Dressed in mock ancient garb, Zhong, 45, knelt on a gold cushion and sipped Chinese wine from a bronze goblet. Then, amid giggles from bystanders and smoke from burning incense, he kowtowed to honor the ancient sage.
The ceremony, a mix of theme-park gimmickry and earnest ritual that dates back more than two millennia, took place at Qufu's Confucius Temple, the focal point of what, in imperial times, was China's guiding creed.
Today it's the center of a burgeoning personality cult built around a philosopher who died in 479 B.C. It's a movement endorsed by the government but one that is also providing cover to some who question China's direction.
A revival of interest in Confucius and other aspects of what Mao Zedong vilified as China's noxious feudal past has been underway for years, spawning best-selling novels, television dramas and films set in the Imperial Era.

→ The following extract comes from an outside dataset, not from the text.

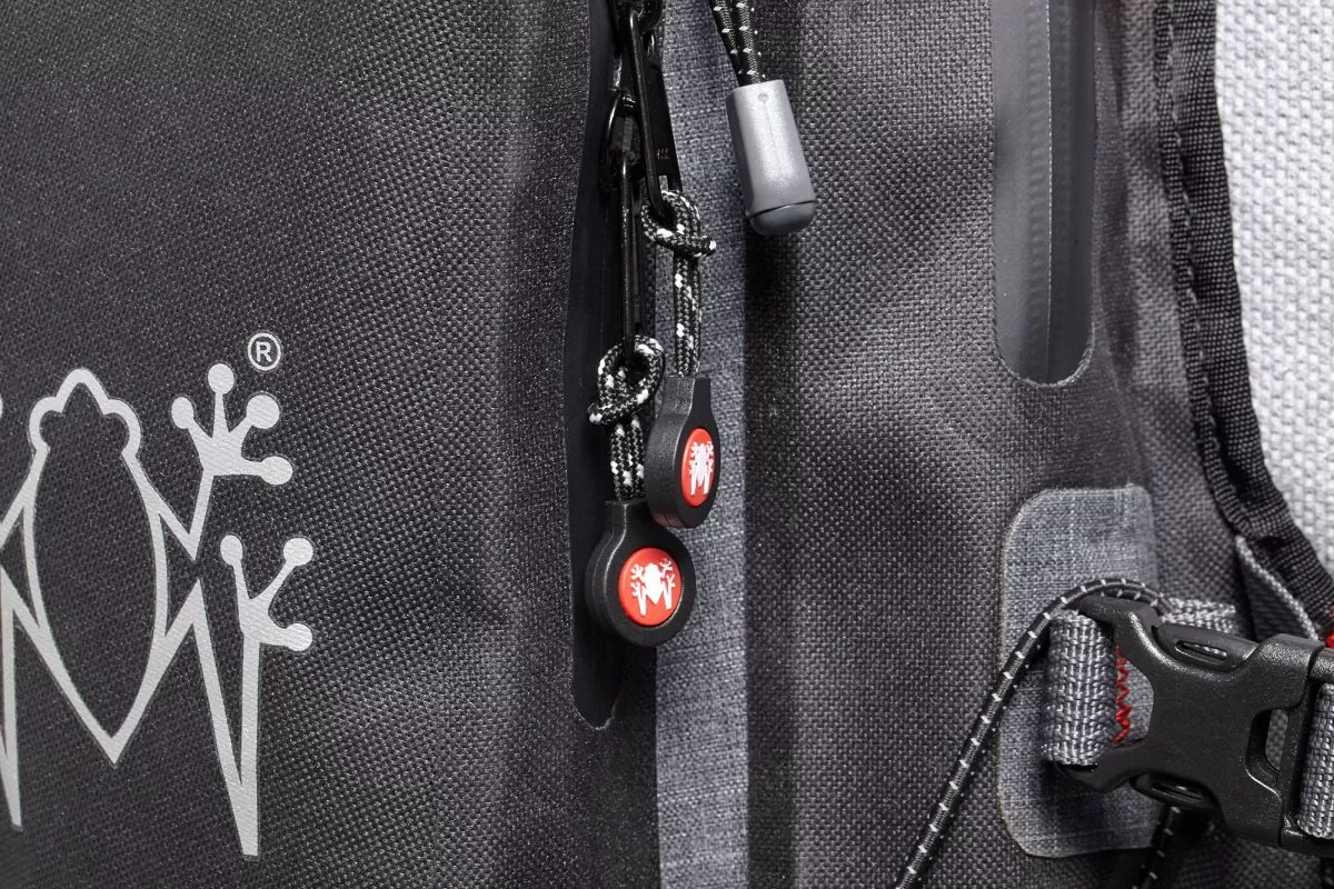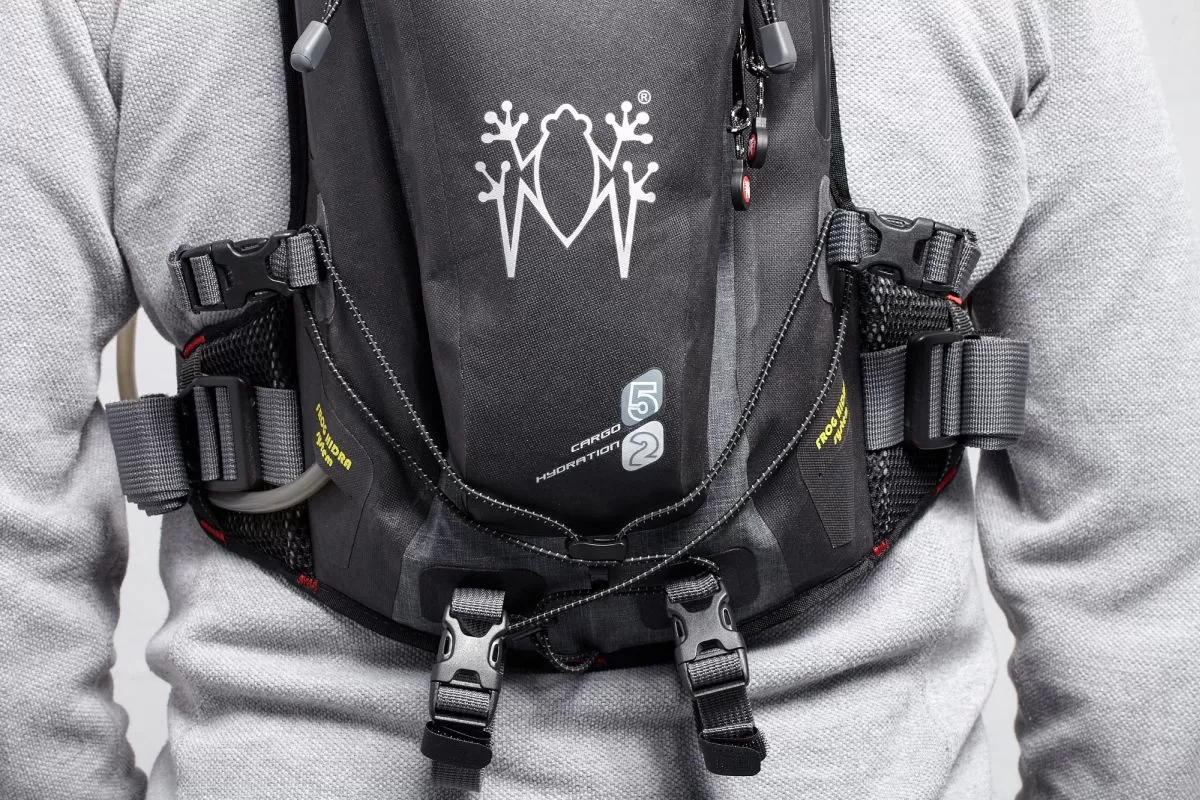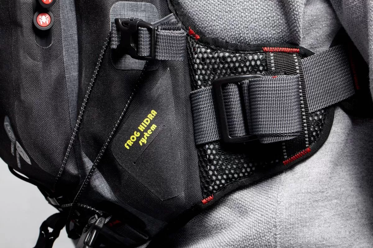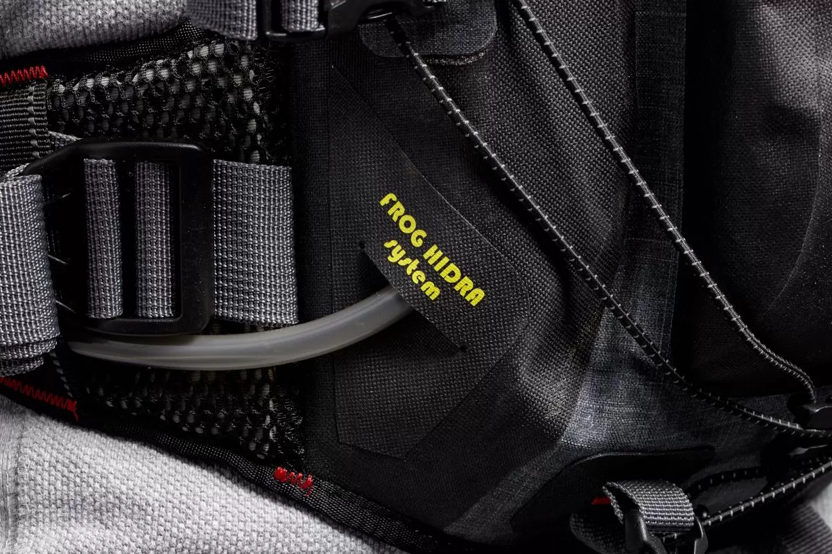 - Sistema Frog Hidra para dos sacos de hidratación simultáneos (hasta 2 litros cada uno), con tuberías posicionables y fijación regulable
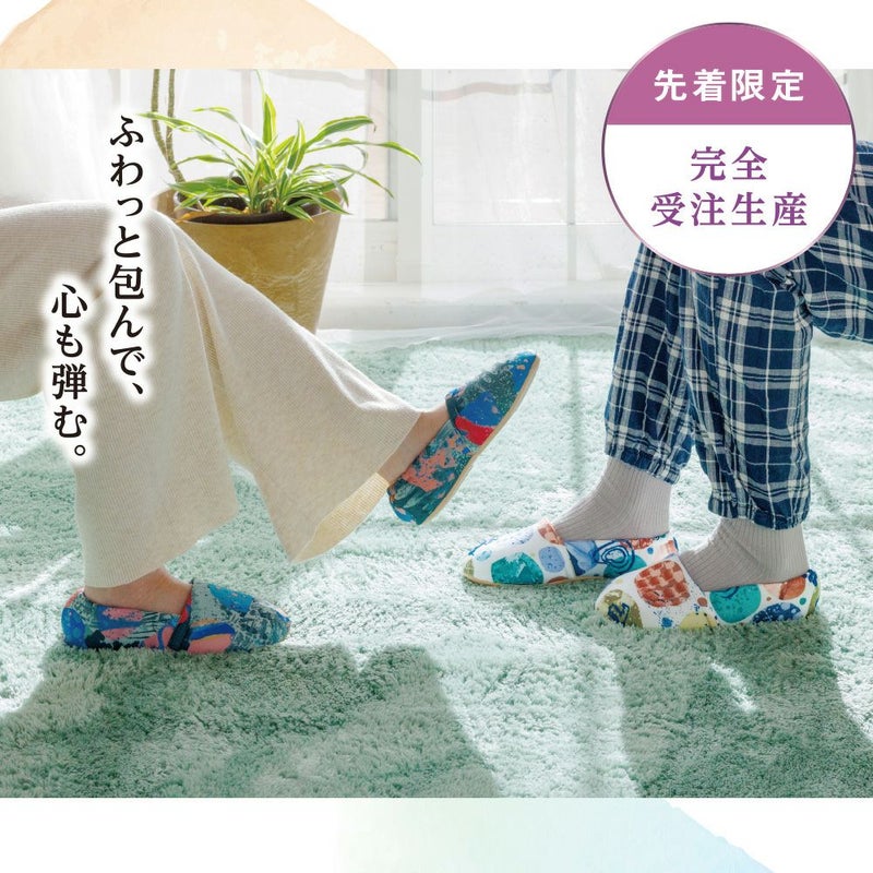 お部屋での定番「エスパド」をベースにしたアートモデル。 安心の履き心地はそのままに、感性がときめく彩りをお楽しみください。

The Communist Party, tapping into a deep vein of cultural nationalism, has encouraged the trend, in part as an antidote to Western ways.
Overseas, Confucius has become China's standard-bearer, with dozens of state-sponsored Confucius Institutes, including one at the University of Maryland, promoting the study of Chinese language and culture.
But a Confucian revival sanctioned and initially steered by the party has grown into something more vibrant and also more unpredictable. It has become a quest for alternative ideas that challenge not only foreign imports such as democracy but also some of the homegrown results of China's dash to modernity.
Confucianism, an elaborate system of moral philosophy and political theory, has always been a two-edged sword, both deeply conservative and potentially subversive.